People in the news for March 21, 1997

Wanton TV godlessness, celebrity lawsuits, the kissability of Rosie O'Donnell -- our dunce card is full today, so let's go! First up: bad TV, bad, bad TV! After surveying 804 of America's 250 million residents, a new poll concludes that the medium is swirling down the moral toilet. Sex! Death! Ruthless cartoon robber barons! Two-thirds of us apparently want to see more prime-time spirituality, more shows speaking to moral issues -- as if the "Seinfeld" masturbation episode had never happened! According to the poll, commissioned by TV Guide, adultery is TV's No. 1 broken commandment, followed closely by murder. And maybe it's time TV gave us nicer bad guys: respondents singled out evil "Simpsons" tycoon Montgomery Burns as the TV character most likely to go to hell, or as they surely put it, "H-E-double hockey sticks." That sound you just heard was satire going over 804 heads. It's hard to know just what the pollees are complaining about; last week's Top 20 was dominated by harmless, morally neutral fare like "Friends," "Home Improvement" and a raft of newsmagazines. There is a point of light in TV's pixel wasteland: CBS' "Touched by an Angel," which polled as the most spiritually rich show on TV. The second: ABC's "Family Matters" -- the show that gave us the ultra-spiritual Urkel.

Briefly

*Ellen: Out. Gay advertising during "Ellen": Out of the question. This ought to make 804 TV viewers happy: ABC has turned down a gay-rights group hoping to air an anti-discrimination commercial during the upcoming coming-out episode of "Ellen." The network says it doesn't run issue-oriented ads.

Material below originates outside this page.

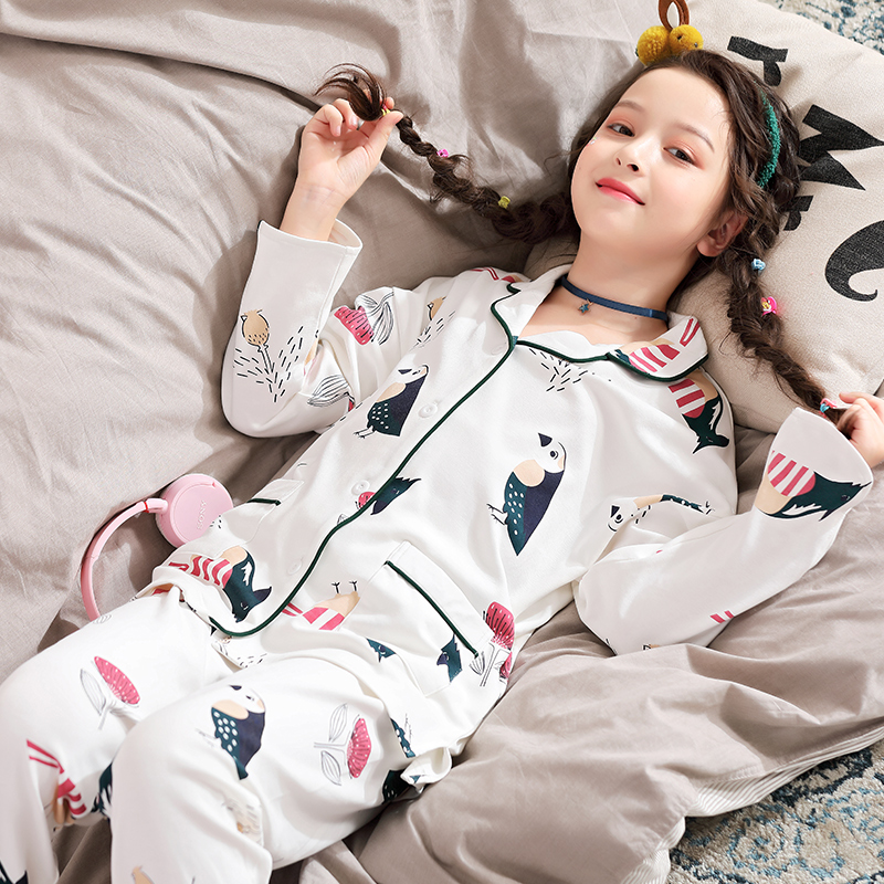 Children's pajamas Girls spring and autumn long-sleeved cotton suit Autumn and winter cotton medium and large children's thin models can be worn outside home clothes

*The normally easygoing Jimmy Buffett isn't going easy on a restaurant in Hawaii that calls itself Cheeseburger in Paradise. Saying the phrase was pirated from his 1978 song, he's suing for unspecified damages and a name change. The restaurateurs aren't budging. They claim they adopted the name before Buffett trademarked it.

Breath star

It seems millions of people -- well, hundreds anyway -- are poised over their bathroom sinks, tongues and teeth still gummy with morning breath, waiting for Rosie O'Donnell to tell them what mouthwash to use. Ever since a gimmicky poll released by the Scope mouthwash people named O'Donnell one of America's least kissable celebs, the talk-show queen has been on the anti-Scope warpath. "Remember, just say nope to Scope," she said during a recent show. She's taken to vigorously flacking Listerine instead. And viewers are following her lead! Listerine says more than 100 people have sent the company e-mail saying they'll no longer wash their mouths out with Scope. Listerine is riding this publicity bonanza, taking out ads featuring O'Donnell and donating to charities every time she kisses someone on her show, which is happening with increasing frequency. Why aren't the 804 TV watchdogs complaining about that?